In this study, we found that lncRNA rs944289 TT homozygote could decrease CRC risk. After adjustment by multiple logistic regression, the TT genotype of lncRNA rs944289 was associated with the decreased CRC risk in the subgroups of female, male, age ≥ 61, BMI ≥ 24, smoking and never alcohol intake populations. LncRNA rs944289 have been confirmed to increase the risk of PTC[11,24], and rs944289 predisposes to PTC by inhibiting the expression of PTCSC3[11,12]. PTCSC3 is a large intergenic noncoding RNA gene that is involved in the regulation of tumorigenesis. The SNP rs944289 is located 3.2 kb upstream of PTCSC3 and suppresses PTCSC3 by destroying a transcription factor-binding site in the promoter of PTCSC3[25,26]. Cao et al. also found that lncRNA rs944289 may increase the risk of EGJA in the smoking and age < 60 years populations[13]. However, in a Chinese population, Xu et al. discovered that lncRNA rs944289 have no significant effect on the risk of BC, which might be due to the specific tumorigenesis of BC[14]. However, up to now, no study has reported the association between lncRNA rs944289 polymorphism and CRC risk, and in this study, we observed significant relationships between the lncRNA rs944289 polymorphism and CRC risk.
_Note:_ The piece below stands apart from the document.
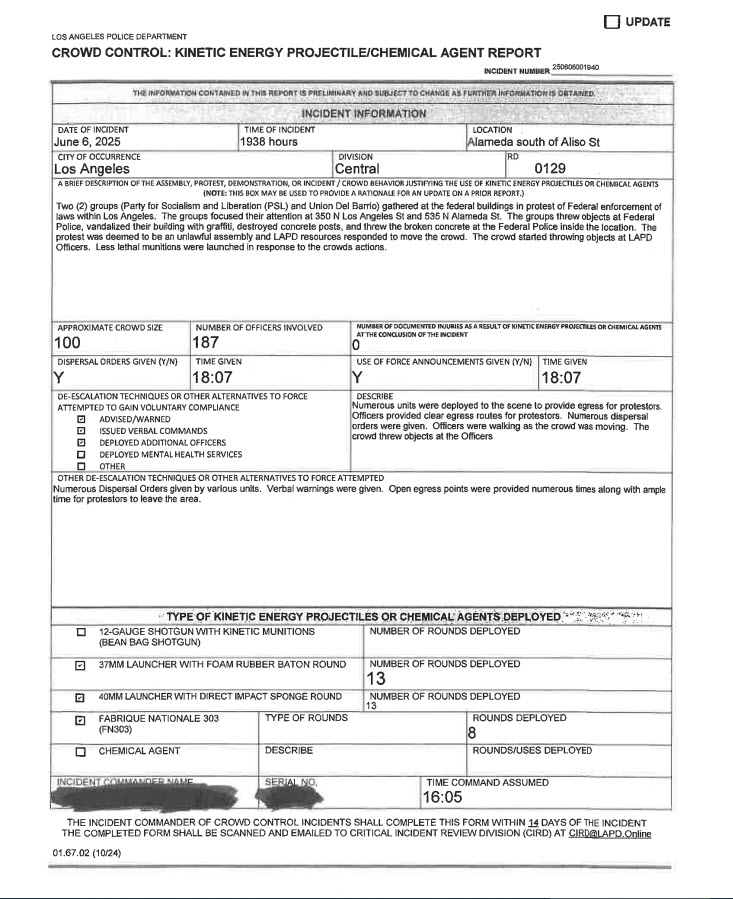 Crowd Control: Kinetic Energy Projectile/Chemical Agent Report (June 6, 2025 Central)

Our results also revealed that there was no significant difference between lncRNA rs7990916 polymorphism and the CRC risk in an overall comparison. But when stratified by age < 61 years, lncRNA rs7990916 polymorphism decreased the risk of CRC. Similar to our results, Cao et al. observed no close relationship between lncRNA rs7990916 polymorphism and EGJA patients. In contrast, Jendrzejewski et al. found significant relationship between lncRNA rs7990916 and the risk of AD in the Europe populations. But the etiology of CRC is primarily different from that of AD[21]. Thus, these distinct conclusions on the lncRNA rs7990916 polymorphism may be mainly attributed to the heterogeneity of ethnics and disease types.
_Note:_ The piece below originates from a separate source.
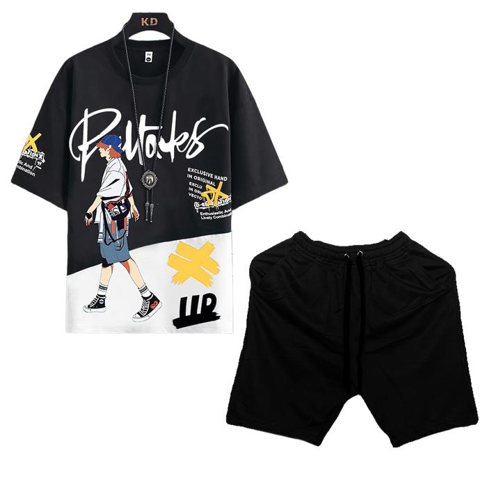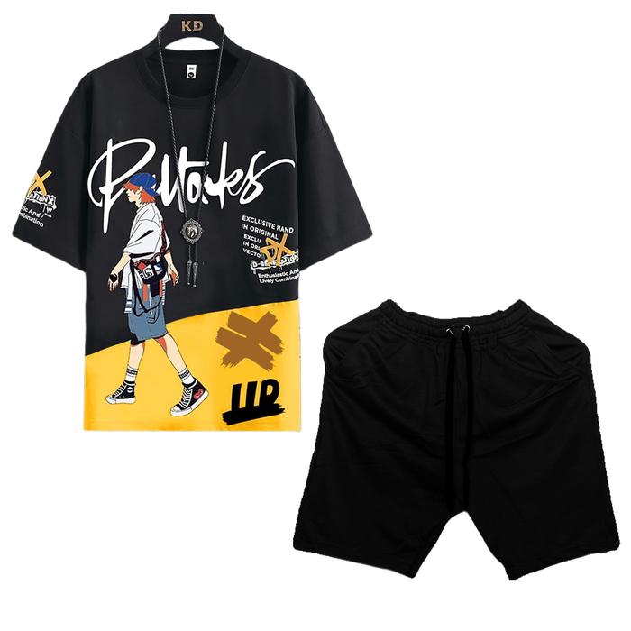 DP 0 CENTRAL-SETELAN ATSAN KAOS DISTRO MOTIF PIRATES DAN CELANA PENDEK PRIA - SET PIRATES HITAM KUNING M-L

Nevertheless, the mechanism of lncRNA polymorphisms on the tumorigenesis of CRC is unclear. Previous studies reported that lncRNA GAS5 rs55829688 polymorphism increased CRC risk by modulating the binding affinity of the transcription factors YY1 to GAS5 promotor[27]. Moreover, MALAT1 rs664589 polymorphism increased CRC risk by binding to miRNA-194-5p, which resulted in an overexpression of MALAT1[28]. Taken together, lncRNA polymorphisms could induce the occurrence of tumor by binding to transcription factors, binding to miRNA and so on.
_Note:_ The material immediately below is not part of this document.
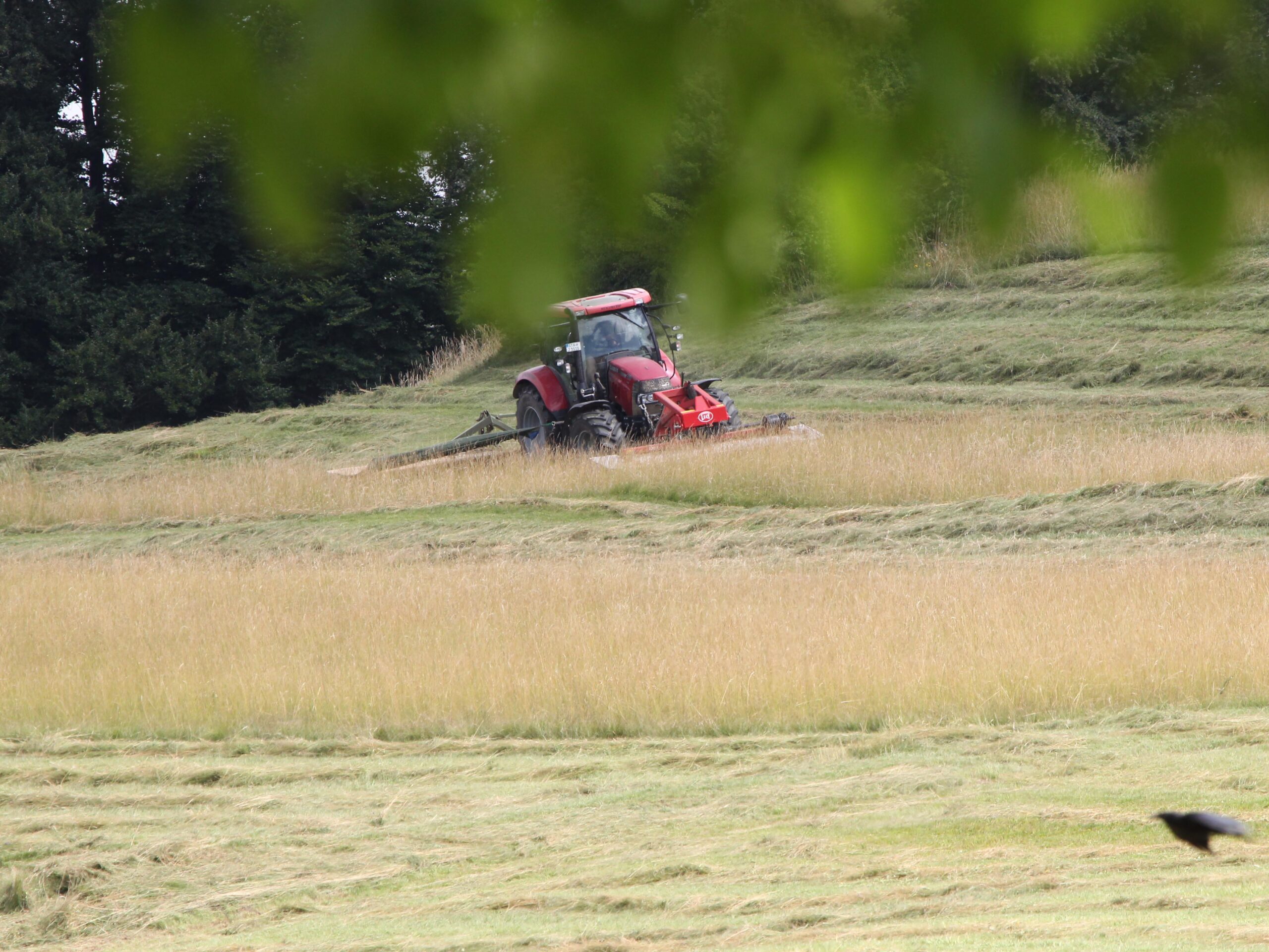 Der Bauer deckt den Tisch für den Greifvogel: Am Montag wurde dieser Jäger über dem Königsberg gesichtet, als der Bauer dem 2,8 Hektar großen Westhang in Breitbrunn die jährliche Vollrasur bescherte. Der Greifer, nach Beobachtungen von Anwohnern vielleicht ein Rotmilan, hatte endlich freie Sicht auf die Mäuse, die bis Juli im meterhohen Gras ein unbeschwertes Leben führen.

To the best of our knowledge, our research focused on the possible association of lncRNA rs944289 and rs7990916 polymorphisms with CRC risk for the first time. There still existed several limitations in the study. Firstly, this case–control study only focused on Chinese Han populations. Secondly, the two lncRNAs selected in our study may not be comprehensive because there may be other genetic polymorphisms that affected the risk of CRC. Thirdly, we did not perform the association of lncRNA rs944289 and rs7990916 polymorphisms with tumor stages, patients’ prognosis, or other associated risk factors, which might affect the precision of estimating the effect of these two polymorphisms on the CRC risk. Finally, we did not investigate the mechanism of the two polymorphisms during the tumorigenesis of CRC. Nevertheless, our study provides clews for a further mechanism study and provides possible biomarkers for CRC diagnosis.

Conclusions

In summary, we proved that the lncRNA rs944289 might be significantly related to the decreased risk of CRC in the Chinese Han populations. However, there was no significant difference between lncRNA rs7990916 polymorphism and CRC risk except for the subgroup of age < 61. In the future studies, larger samples including detailed clinical information and different ethnic populations should be conducted to validate our findings.